» Task details: Given the entries below, would you transcribe exactly the lines starting at the one with "Each action would" and ending at the one with "El intendente felicitó", both kept, pictures omitted, nothing extra?

» Source records:
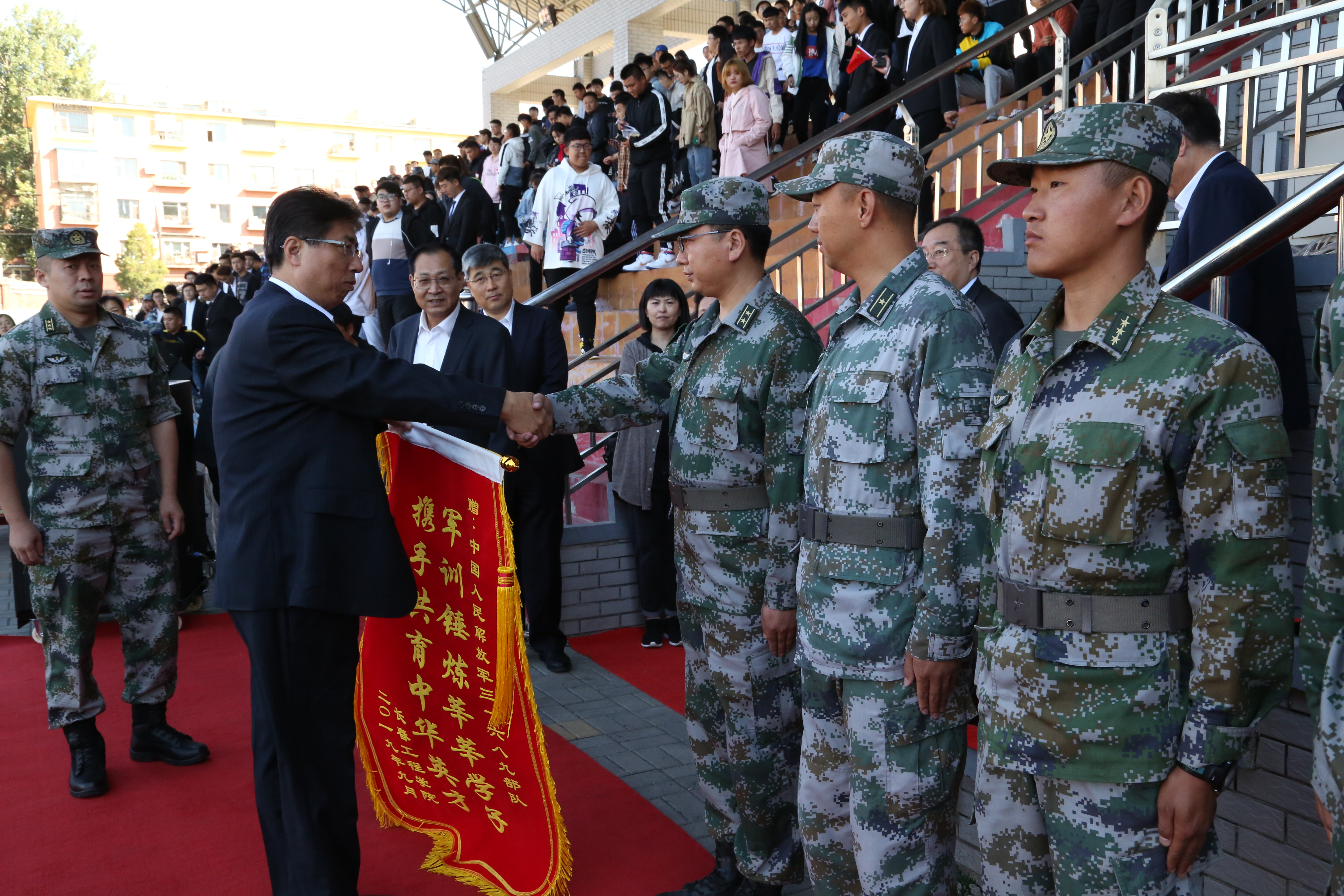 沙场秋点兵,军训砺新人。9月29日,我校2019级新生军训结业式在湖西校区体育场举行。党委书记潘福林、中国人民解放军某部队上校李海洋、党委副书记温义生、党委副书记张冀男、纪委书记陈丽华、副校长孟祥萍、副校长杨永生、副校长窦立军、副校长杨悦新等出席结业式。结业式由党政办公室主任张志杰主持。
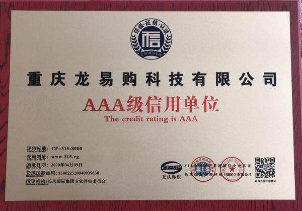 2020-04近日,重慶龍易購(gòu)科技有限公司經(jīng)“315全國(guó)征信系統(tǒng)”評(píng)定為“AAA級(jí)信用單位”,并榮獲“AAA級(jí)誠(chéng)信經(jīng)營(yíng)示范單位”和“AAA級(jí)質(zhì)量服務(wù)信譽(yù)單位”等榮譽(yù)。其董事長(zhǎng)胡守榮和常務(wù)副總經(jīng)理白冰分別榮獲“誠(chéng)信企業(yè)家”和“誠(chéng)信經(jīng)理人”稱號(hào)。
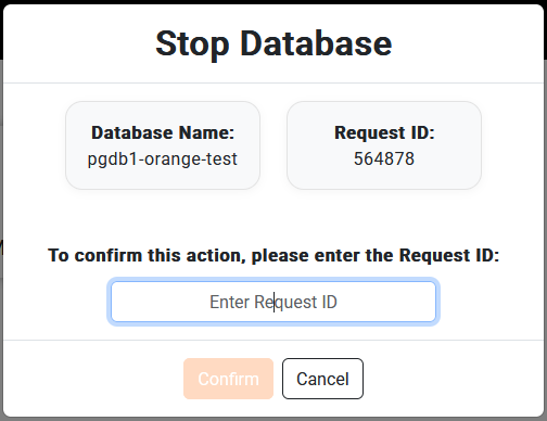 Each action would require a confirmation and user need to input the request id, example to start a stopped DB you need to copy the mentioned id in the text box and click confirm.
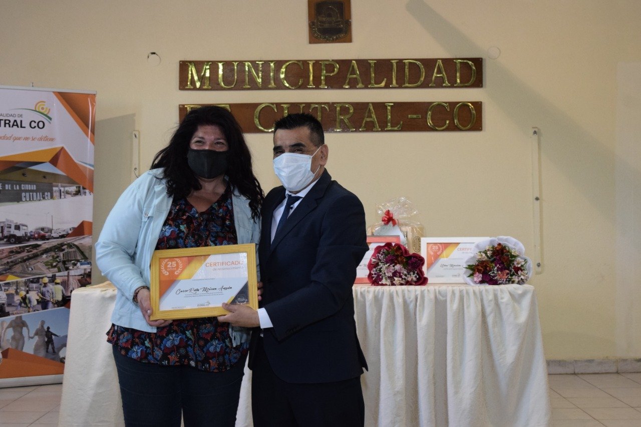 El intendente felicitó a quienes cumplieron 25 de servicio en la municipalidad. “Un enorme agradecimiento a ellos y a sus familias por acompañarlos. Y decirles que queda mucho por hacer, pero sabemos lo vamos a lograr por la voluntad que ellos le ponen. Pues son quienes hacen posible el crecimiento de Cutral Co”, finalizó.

* * *

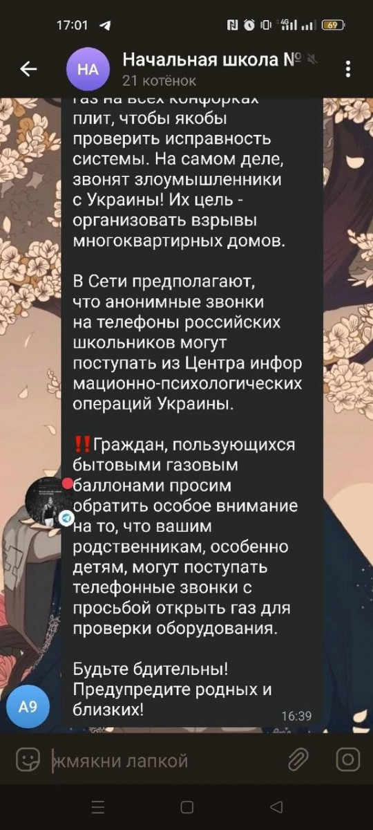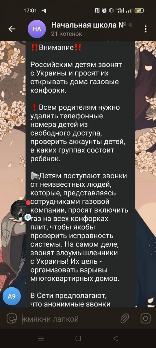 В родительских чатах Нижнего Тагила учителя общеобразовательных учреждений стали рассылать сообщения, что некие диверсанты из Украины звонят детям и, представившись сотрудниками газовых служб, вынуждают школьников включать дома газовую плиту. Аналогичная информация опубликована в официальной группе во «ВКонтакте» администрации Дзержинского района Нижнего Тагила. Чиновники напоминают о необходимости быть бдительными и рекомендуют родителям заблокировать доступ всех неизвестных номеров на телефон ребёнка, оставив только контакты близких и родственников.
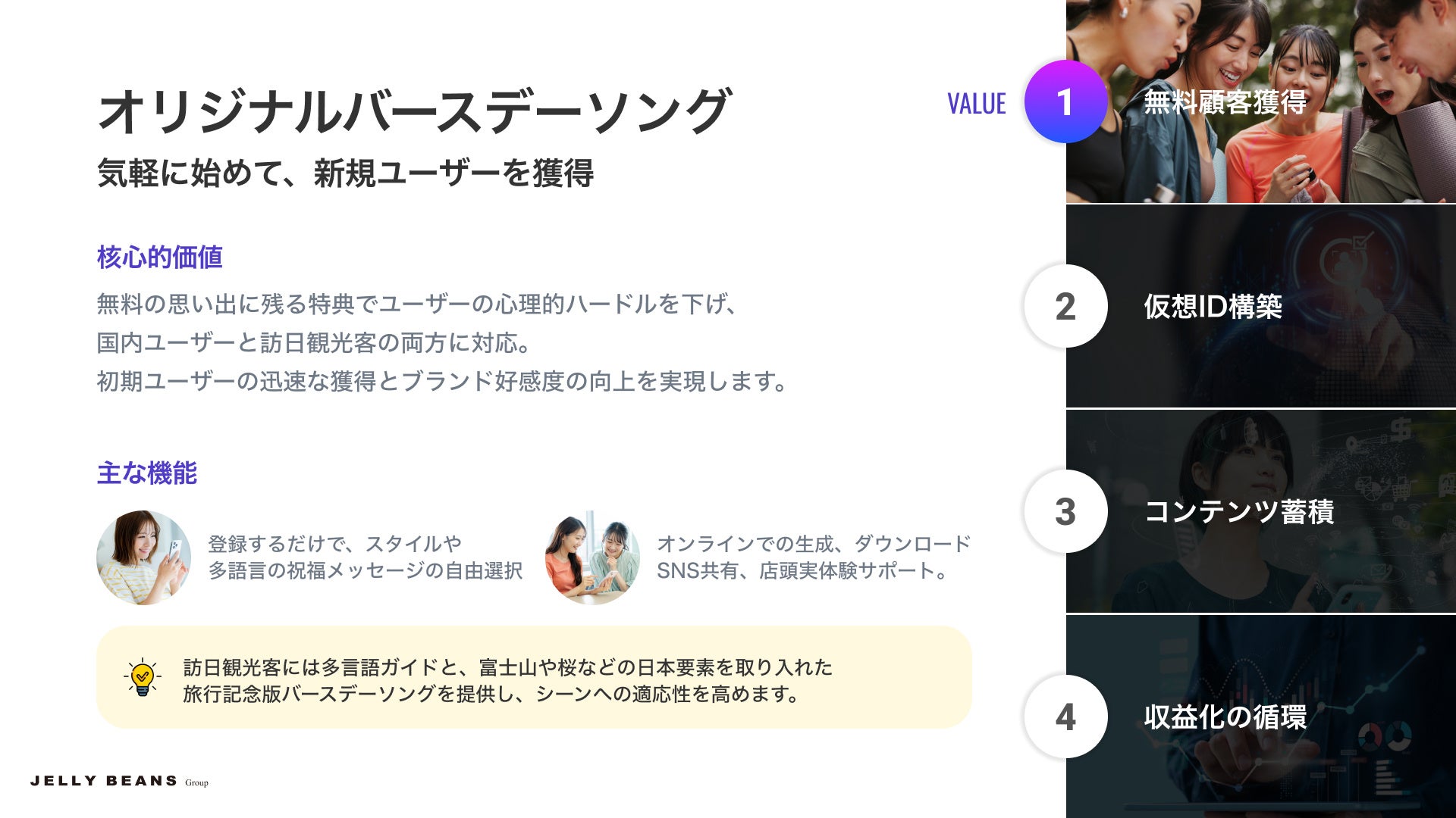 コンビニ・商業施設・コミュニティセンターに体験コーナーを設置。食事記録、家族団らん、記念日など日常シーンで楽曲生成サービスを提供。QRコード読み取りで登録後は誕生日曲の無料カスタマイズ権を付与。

» Exercise result:
 Each action would require a confirmation and user need to input the request id, example to start a stopped DB you need to copy the mentioned id in the text box and click confirm.
 El intendente felicitó a quienes cumplieron 25 de servicio en la municipalidad. “Un enorme agradecimiento a ellos y a sus familias por acompañarlos. Y decirles que queda mucho por hacer, pero sabemos lo vamos a lograr por la voluntad que ellos le ponen. Pues son quienes hacen posible el crecimiento de Cutral Co”, finalizó.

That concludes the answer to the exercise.